Red Hat Bugzilla – Bug 438330
HP dl360g5: pci_enable_msix() fails
Last modified: 2010-11-17 14:08:52 EST
Description of problem:
mlx4_core driver calls pci_enable_msix() to get 3 msix vectors but the function
returns with a failure (-22).
Version-Release number of selected component (if applicable):
Red Hat Enterprise Linux Server release 5.1 (Tikanga)
Just load infiniband drivers with mlx4 hardware but since we do not have
anything special I believe it will happen for any device supporting msix. In
fact, I cant see any device that works with msix (cat /proc/interrupts).
Steps to Reproduce:
output of lspci for this HW:
13:00.0 InfiniBand: Mellanox Technologies MT25418 [ConnectX IB DDR] (rev a0)
Subsystem: Mellanox Technologies MT25418 [ConnectX IB DDR]
Control: I/O- Mem+ BusMaster+ SpecCycle- MemWINV- VGASnoop- ParErr+
Stepping- SERR- FastB2B-
Status: Cap+ 66MHz- UDF- FastB2B- ParErr- DEVSEL=fast >TAbort- <TAbort-
<MAbort- >SERR- <PERR-
Latency: 0, Cache Line Size: 64 bytes
Interrupt: pin A routed to IRQ 177
Region 0: Memory at fdf00000 (64-bit, non-prefetchable) [size=1M]
Region 2: Memory at f7000000 (64-bit, prefetchable) [size=8M]
Region 4: Memory at fdef0000 (64-bit, non-prefetchable) [size=8K]
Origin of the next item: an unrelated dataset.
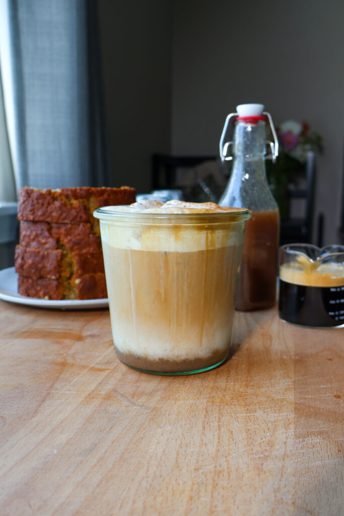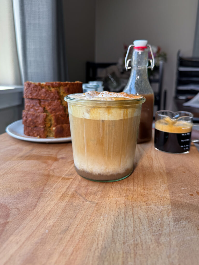 In a large glass filled with ice, add banana bread syrup, milk, and freshly brewed espresso. Top with the maple cold foam and enjoy your sippable slice of banana bread!

Capabilities:  Power Management version 3
Flags: PMEClk- DSI- D1- D2- AuxCurrent=0mA
Status: D0 PME-Enable- DSel=0 DScale=0 PME-
Capabilities:  Vital Product Data
Capabilities: [9c] MSI-X: Enable- Mask- TabSize=256
Vector table: BAR=4 offset=00000000
PBA: BAR=4 offset=00001000
Capabilities:  Express Endpoint IRQ 0
Device: Supported: MaxPayload 256 bytes, PhantFunc 0, ExtTag+
Device: Latency L0s <64ns, L1 unlimited
Device: AtnBtn- AtnInd- PwrInd-
Device: Errors: Correctable- Non-Fatal+ Fatal+ Unsupported-
Device: RlxdOrd- ExtTag- PhantFunc- AuxPwr- NoSnoop-
Device: MaxPayload 256 bytes, MaxReadReq 4096 bytes
Link: Supported Speed 2.5Gb/s, Width x8, ASPM L0s, Port 8
Link: Latency L0s unlimited, L1 unlimited
Link: ASPM Disabled RCB 64 bytes CommClk- ExtSynch-
Link: Speed 2.5Gb/s, Width x8
I think your problem may be hardware specific. From RHEL5.2 beta kernel on a
Dell PowerEdge 1900 (or 1950, can't remember which):
[dledford@ib0test2 ~]$ cat /proc/interrupts
CPU0 CPU1 CPU2 CPU3
0: 533316704 0 0 0 IO-APIC-edge timer
1: 3 0 0 0 IO-APIC-edge i8042
6: 5 0 0 0 IO-APIC-edge floppy
8: 1 0 0 0 IO-APIC-edge rtc
9: 0 0 0 0 IO-APIC-level acpi
12: 4 0 0 0 IO-APIC-edge i8042
14: 4787812 2952 0 0 IO-APIC-edge ide0
66: 23814940 15201 0 0 IO-APIC-level uhci_hcd:usb1,
74: 39 0 0 0 IO-APIC-level uhci_hcd:usb2,
82: 556320 2038 40 0 IO-APIC-level libata
90: 93 119 0 0 PCI-MSI ib_ipath
98: 61 57 0 0 PCI-MSI ib_ipath
106: 0 0 0 0 PCI-MSI-X eth1
114: 27 0 0 0 PCI-MSI-X eth1 (queue 0)
178: 1740629 0 0 0 PCI-MSI eth0
NMI: 5939 2273 2527 2550
LOC: 522492125 522744130 522491999 522743982
I seem to recall we had to blacklist certain motherboard chipsets due to faulty
MMCFG cycles. You may have one of those motherboards/chipsets and it may be
refusing to allocate MSI interrupts because of that. Can you check to see if
this is one of the affected platforms? The bugzillas for the RHEL5 bugs related
to this are:
182436 xw9400 AMD proccessors do not support ext config space
239673 stalled installation over HP Compaq 7700
250313 MCP55 chipset hides PCI EXTCFG
251032 add HP dl385g2 and dl585g2 to whitelist
252215 dl585g2/AMD8132 blacklist
253288 PCI domain support for x86/x86_64
408551 all PCI express registers are not accessible
It would be good to know what platform Eli was on.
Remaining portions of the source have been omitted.